Agilent Variable Swath Mass Spectrometry Calculator

Calculator Inputs

Start m/z

End m/z

Number of Swaths

Target Cycle Time, seconds

MS1 Accumulation, ms

Switching Overhead, ms/window

Minimum MS/MS Time, ms

Swath Overlap, m/z

Minimum Window Width, m/z

Maximum Window Width, m/z

Average Peak Width, seconds

Minimum Points Across Peak

Density Bias

Decimal Places

Density Profile

Example Data Table

Segment	m/z Range	Relative Density	Reason
1	400-500	35	Moderate low mass precursor density
2	500-650	80	Dense peptide precursor region
3	650-850	55	Common targeted compound range
4	850-1050	25	Lower precursor crowding
5	1050-1200	12	Sparse high mass region

Formula Used

Weighted segment area: Segment area = segment width × density^bias.

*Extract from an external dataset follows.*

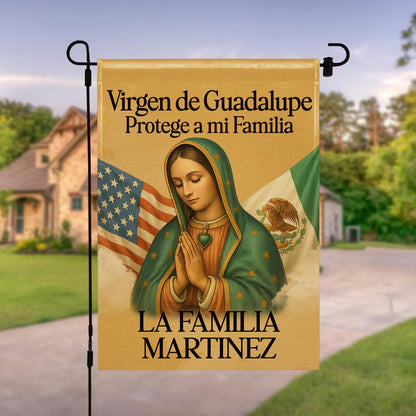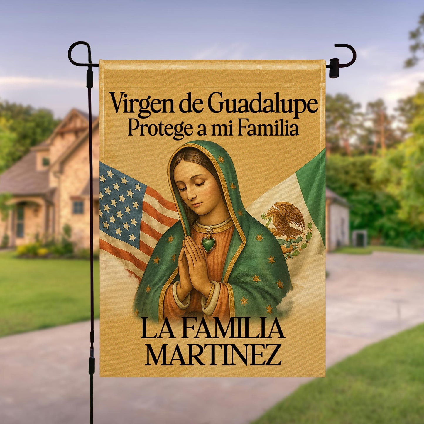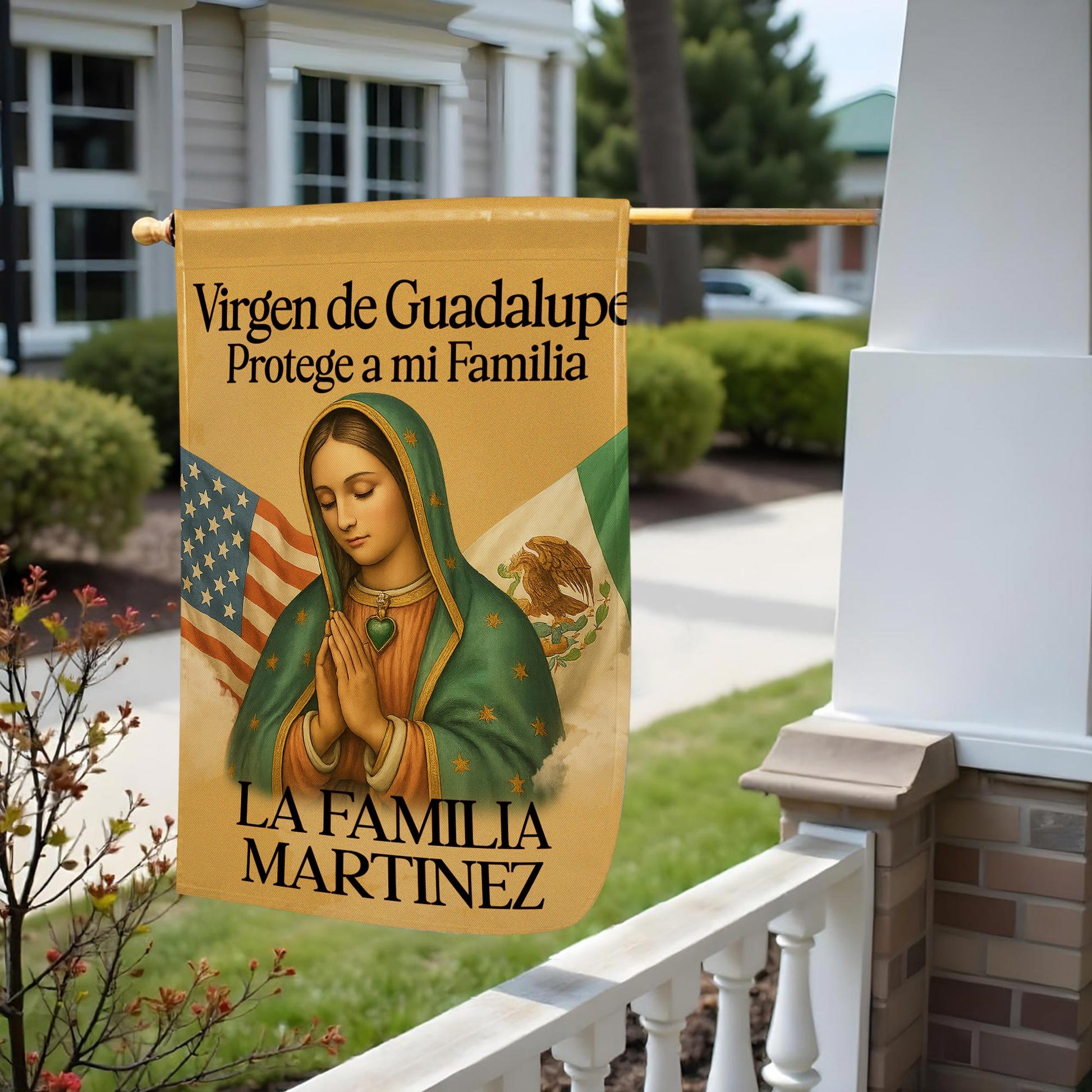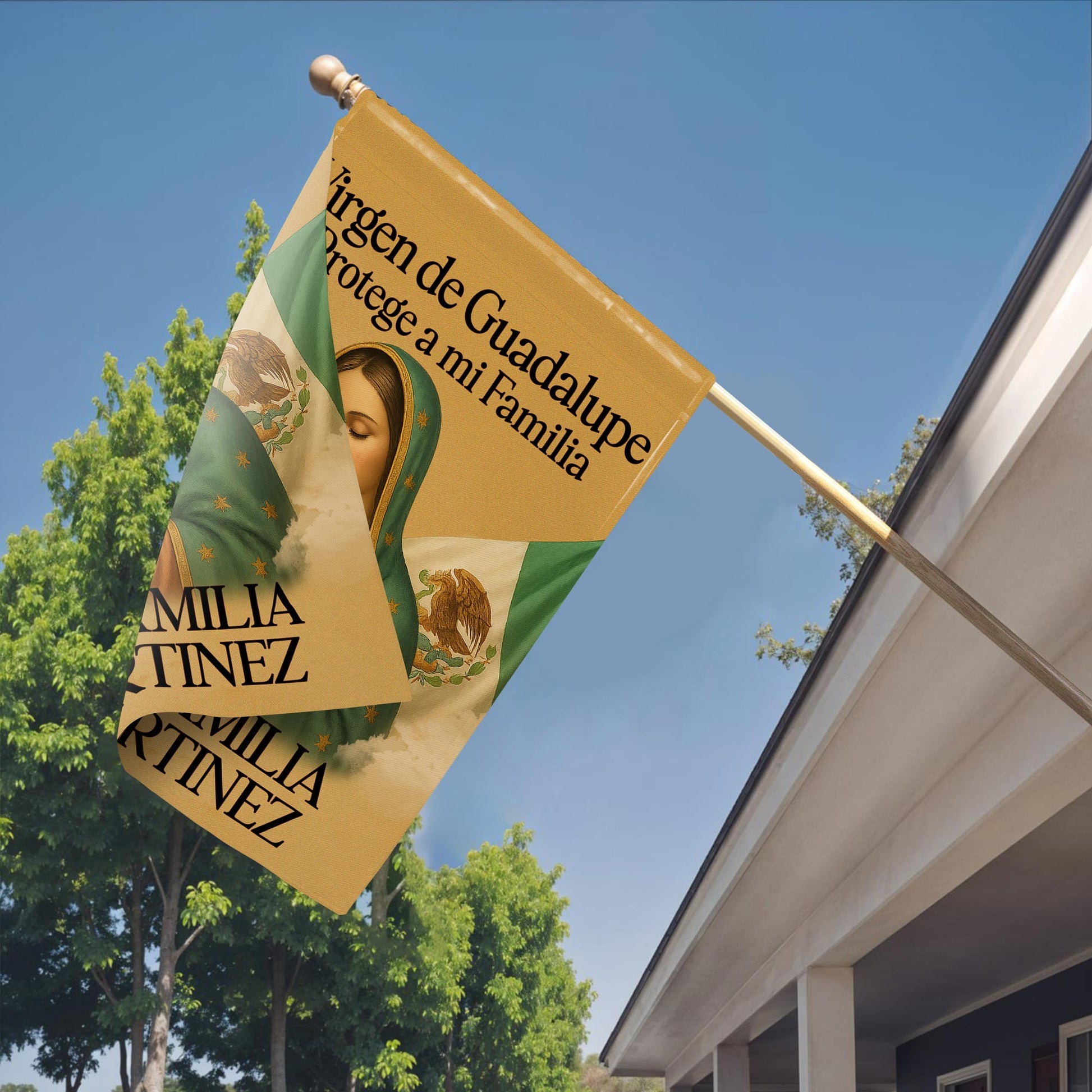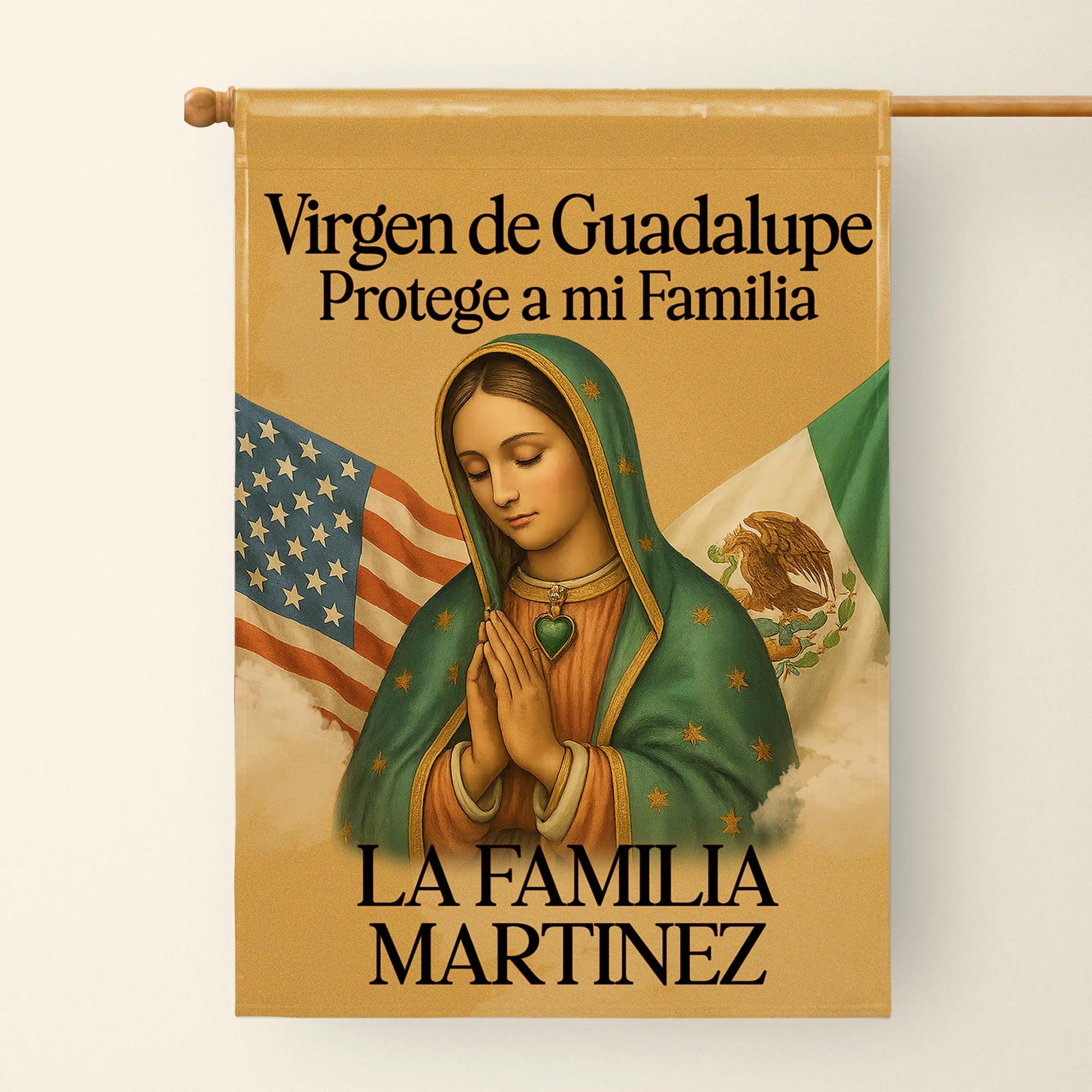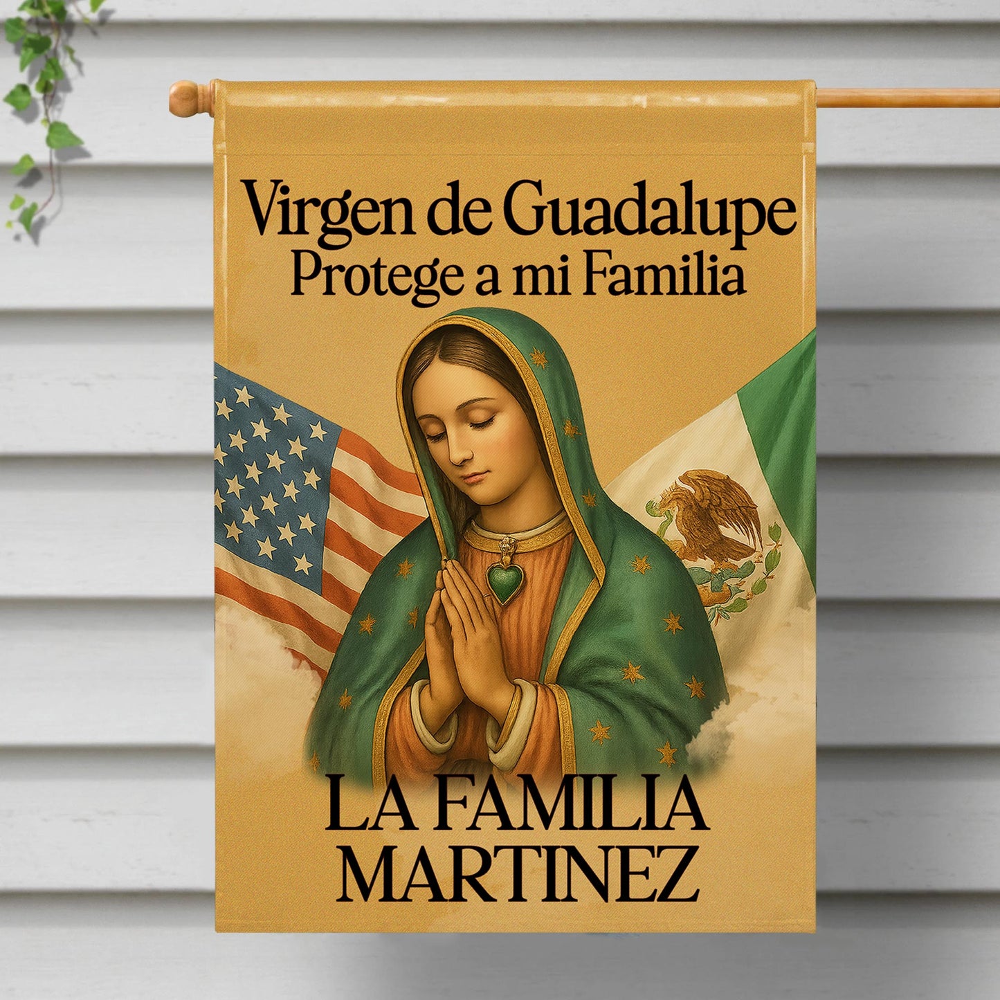 Virgen De Guadalupe Protege A Mi Familia, Personalized Flag, Gift For Religious Family

Target load per swath: Target load = total weighted area ÷ number of swaths.

Variable boundary: Each boundary is placed where cumulative weighted area reaches the next target load.

MS/MS time: MS/MS time = (cycle time in ms − MS1 time − total overhead) ÷ swath count.

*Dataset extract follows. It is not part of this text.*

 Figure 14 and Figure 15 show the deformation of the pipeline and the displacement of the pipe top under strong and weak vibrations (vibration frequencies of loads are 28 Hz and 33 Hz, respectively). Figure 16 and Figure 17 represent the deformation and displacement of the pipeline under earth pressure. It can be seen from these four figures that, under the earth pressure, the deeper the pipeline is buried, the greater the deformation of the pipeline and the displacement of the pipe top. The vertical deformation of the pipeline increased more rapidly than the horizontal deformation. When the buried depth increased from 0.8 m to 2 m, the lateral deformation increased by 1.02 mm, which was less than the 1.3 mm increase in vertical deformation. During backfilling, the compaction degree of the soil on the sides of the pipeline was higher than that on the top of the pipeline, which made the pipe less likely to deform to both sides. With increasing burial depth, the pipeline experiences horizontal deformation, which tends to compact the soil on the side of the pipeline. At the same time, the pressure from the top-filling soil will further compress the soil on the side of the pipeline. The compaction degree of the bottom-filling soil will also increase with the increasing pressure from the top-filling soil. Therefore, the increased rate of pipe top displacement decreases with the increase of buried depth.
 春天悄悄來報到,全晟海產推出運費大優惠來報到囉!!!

Points across peak: Points = chromatographic peak width ÷ achieved cycle time.

Duty cycle: Duty cycle = total product ion accumulation time ÷ achieved cycle time × 100.

How to Use This Calculator

Enter the full precursor m/z range for the planned acquisition method.

Add the number of desired swaths and the target cycle time.

Enter MS1 accumulation time, switching overhead, and minimum product ion accumulation time.

Write the precursor density profile as ranges with values. Use this format: 400-500:35; 500-650:80.

Press the calculate button. Review warnings, cycle time, duty cycle, and window widths.

Download the CSV or PDF file for method development notes.

Agilent Variable Swath Planning Guide

Variable swath acquisition helps a mass spectrometry method collect product ion data across a wide precursor range. The goal is simple. Dense precursor regions receive narrow windows. Sparse regions receive wider windows. This improves selectivity while keeping the cycle time practical.

Why Window Balance Matters

A fixed isolation width can overload crowded m/z bands. Coeluting precursors then enter the same product ion scan. That can reduce spectral clarity and make library matching harder. A variable plan spreads the expected precursor burden more evenly. It uses a density profile to decide where boundaries should move. The calculator converts each profile segment into weighted area. Each swath then receives about the same weighted precursor load.

Cycle Time Considerations

Chromatographic peaks need enough scans for stable quantitation. Narrow windows are useful only when the method still cycles fast enough. The tool subtracts the MS1 scan time and switching overhead. It then estimates the product ion accumulation time per swath. It also estimates points across the peak. A warning appears when the selected plan may undersample a peak.

Practical Method Setup

Start with the measured precursor distribution from a survey run. Enter higher density values where many analytes appear. Use lower values for cleaner regions. Select the number of swaths based on the desired cycle time and minimum product ion accumulation. Check the smallest and widest windows. Very narrow windows can be hard to schedule. Very wide windows can reduce selectivity.

Using Results in the Lab

Export the table after reviewing all warnings. The lower and upper m/z limits can guide method entry. The overlap value helps reduce boundary losses. The duty cycle value shows how much time is used for product ion collection. The final plan should still be verified with standards, retention time coverage, and instrument performance checks. This calculator supports planning, not vendor validation. Use it to compare options before building the final acquisition method.

Reviewing Method Risk

A good plan leaves room for real instrument behavior. Source stability, ion transfer, collision energy, and chromatographic width can change results. Keep notes for each trial. Compare replicate injections. Adjust the density profile when new targets, matrices, or gradients are added, and reassess limits after maintenance or tuning.

FAQs

What is a variable swath method?

It is a data independent acquisition method using different m/z window widths. Dense precursor regions get narrower windows. Sparse regions get wider windows.

Why does precursor density matter?

Density estimates how crowded each m/z region is. Higher density means more ions may enter one scan, so narrower windows can improve selectivity.

What does density bias control?

Density bias changes how strongly dense regions affect boundary placement. A value of one uses the entered density directly. Zero gives nearly uniform windows.

What is swath overlap?

Overlap extends adjacent windows slightly. It helps reduce losses near boundaries, but large overlap can increase shared precursor content between neighboring windows.

How is MS/MS time estimated?

The calculator subtracts MS1 time and switching overhead from the target cycle. The remaining time is divided across all swaths.

What are points across peak?

Points across peak estimate how many scans sample a chromatographic peak. More points usually support better peak shape and quantitation.

Can I use the output directly?

Use it as a planning guide. Final method entry should be checked against instrument limits, software rules, standards, and laboratory validation requirements.

Why do warnings appear?

Warnings appear when the plan may violate cycle time, accumulation time, peak sampling, or preferred window width limits.